Exercise prompt: Everything in the records below from the line containing "Figure 1: SIMD" through the line containing "방찬이 라방에서 데드풀" is to be reproduced exactly, those two lines included; no picture is to be copied.

Given entries:
────
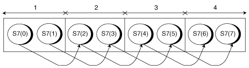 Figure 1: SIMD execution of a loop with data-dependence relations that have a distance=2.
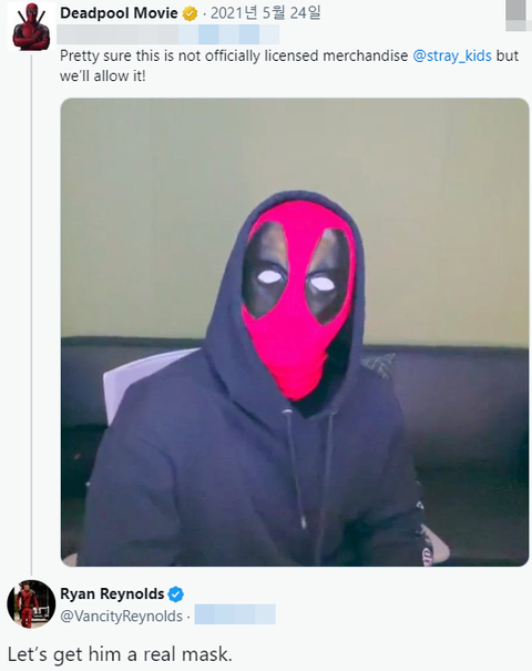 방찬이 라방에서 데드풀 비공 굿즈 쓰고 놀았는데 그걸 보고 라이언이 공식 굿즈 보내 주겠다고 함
────
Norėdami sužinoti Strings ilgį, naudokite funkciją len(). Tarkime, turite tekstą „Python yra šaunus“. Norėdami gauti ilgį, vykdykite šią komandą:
────
Task solution:
 Figure 1: SIMD execution of a loop with data-dependence relations that have a distance=2.
 방찬이 라방에서 데드풀 비공 굿즈 쓰고 놀았는데 그걸 보고 라이언이 공식 굿즈 보내 주겠다고 함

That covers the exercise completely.